Fishery standard named entity recognition based on BERT+BiLSTM+CRF deep learning model and multivariate combination data augmentation
YANG He, YU Hong, LIU Jusheng, YANG Huining,SUN Zhetao,CHENG Ming, REN Yuan,ZHANG Sijia
1.College of Information Engineering, Key Laboratory of Marine Information Technology of Liaoning Province, Dalian Ocean University, Dalian 116023, China; 2.Key Laboratory of Environment Controlled Aquaculture, Ministry of Education, Dalian 116023, China
摘要 为解决渔业标准命名实体识别任务中部分实体语料分布稀疏导致的效果不佳问题,提出了基于多元组合数据增广(data augmentation method based on multiple combination,MCA)的渔业标准命名实体识别方法,该方法融合了基于领域词典的联合替换算法(joint replacement algorithm based on domain dictionary,DDR)、基于槽点保护的随机删除算法(random deletion algorithm based on slot protection,SPD)和基于槽点保护的随机插入算法(random insertion algorithm based on slot protection,SPI)进行语料库的数据增广,首先构建“水产品名称”同类词词典和领域同义词词典,通过两个词典分别对“水产品名称”类实体和随机词进行同类词替换和同义词替换,生成新的句子,以增加目标实体数量和句子的多样性,然后在基于槽点保护的情况下对原句子分别进行随机删除和随机插入操作,在保留实体及上下文特征的情况下进一步丰富语料的多样性,提高模型的泛化能力。
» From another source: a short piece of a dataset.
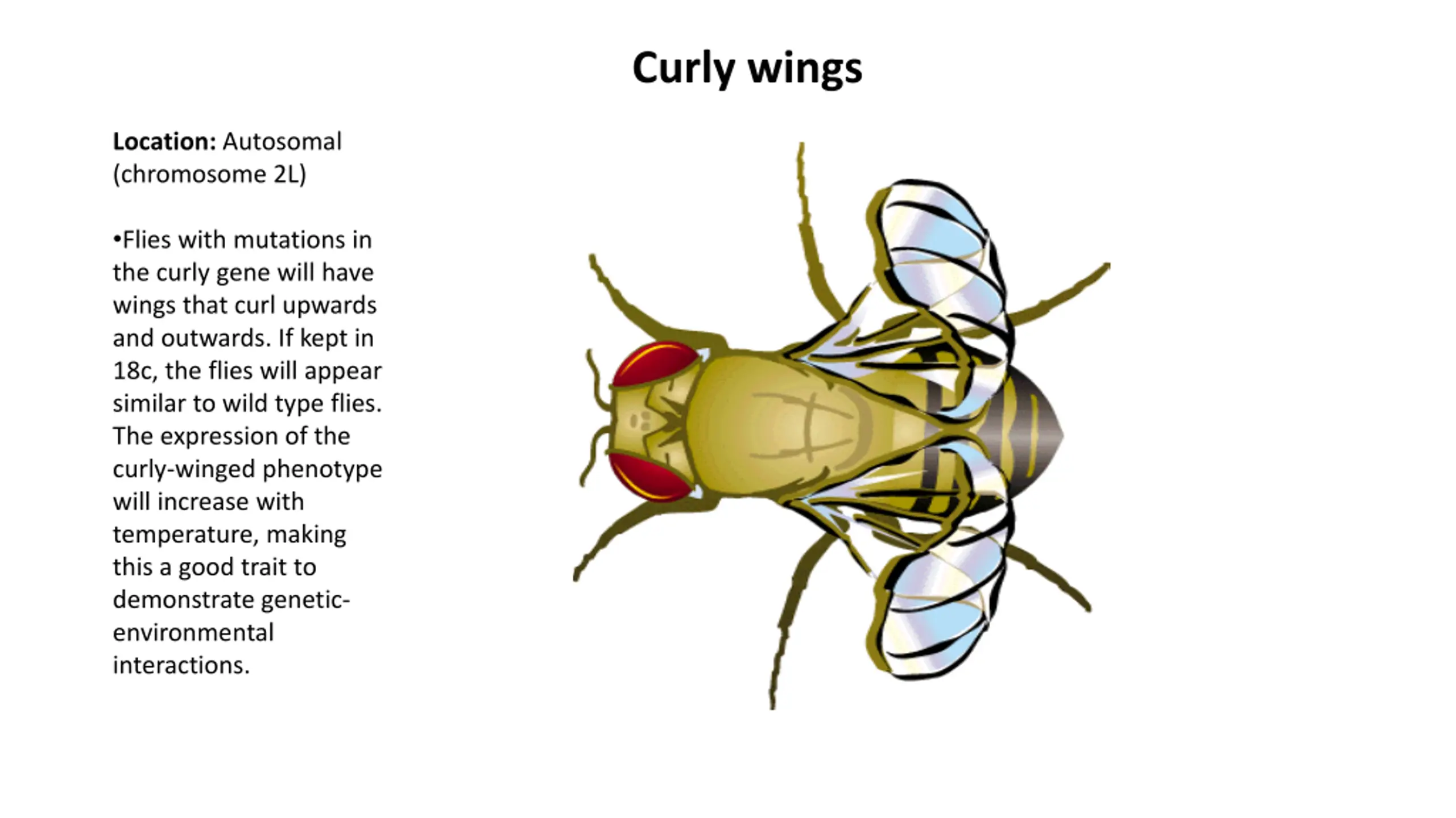 Curly wings Location: Autosomal (chromosome 2L) Flies with mutations in the curly gene will have wings that curl upwards and outwards. If kept in 18c, the flies will appear similar to wild type flies. The expression of the curly-winged phenotype will increase with temperature, making this a good trait to demonstrate genetic- environmental interactions.

结果表明,采用基于融合注意力机制的BERT+BiLSTM+CRF网络模型和多元组合数据增广方法进行渔业标准命名实体识别,准确率、召回率、F1值分别达到了91.73%、88.64%、90.16%,具有较好的效果。研究表明,基于多元组合数据增广的渔业标准命名实体识别方法有效解决了部分实体样本稀疏问题,提升了渔业标准命名实体识别的整体效果。
Abstract: In order to solve the problem of poor effect caused by sparse corpus distribution of some entities in fishery standard named entity recognition task, a method of fishery standard named entity recognition is proposed based on multiple combination data enlargement, which combines the joint replacement algorithm based on domain dictionary(DDR), random deletion algorithm based on slot protection(SPD)and random insertion algorithm based on slot protection(SPI)to augment the data of corpus.First the“name”of fishery products similar synonyms dictionary word dictionary and domain is established through two dictionaries in fishery product name entity and random words similar to replace and synonyms replacement, new sentences are generated to increase the number of target entities and the diversity of the sentence, and then in the case of trough point based protection of the original sentence for random delete and random insertion operation respectively, while keeping the entity and its context feature rich the diversity of the corpora, under the condition of improving the generalization ability of the model.In order to verify the effectiveness of the proposed method, several groups of comparative experiments were designed.The results showed that there was 91.73% of identification accuracy, 88.64% of recall rate and 90.16% of F1 value of fishery standard named entity based on the method of multiple combination data amplification, with a good effect.The findings indicate that the fishery standard named entity recognition method based on multivariate combination data augmentation proposed here effectively solves the problem of sparse part of the entity samples and improves the overall effect of fishery standard named entity recognition.
杨鹤, 于红, 刘巨升, 杨惠宁, 孙哲涛, 程名, 任媛, 张思佳. 基于BERT+BiLSTM+CRF深度学习模型和多元组合数据增广的渔业标准命名实体识别[J]. 大连海洋大学学报, 2021, 36(4): 661-669.
YANG He, YU Hong, LIU Jusheng, YANG Huining, SUN Zhetao, CHENG Ming, REN Yuan, ZHANG Sijia. Fishery standard named entity recognition based on BERT+BiLSTM+CRF deep learning model and multivariate combination data augmentation. Journal of Dalian Ocean University, 2021, 36(4): 661-669.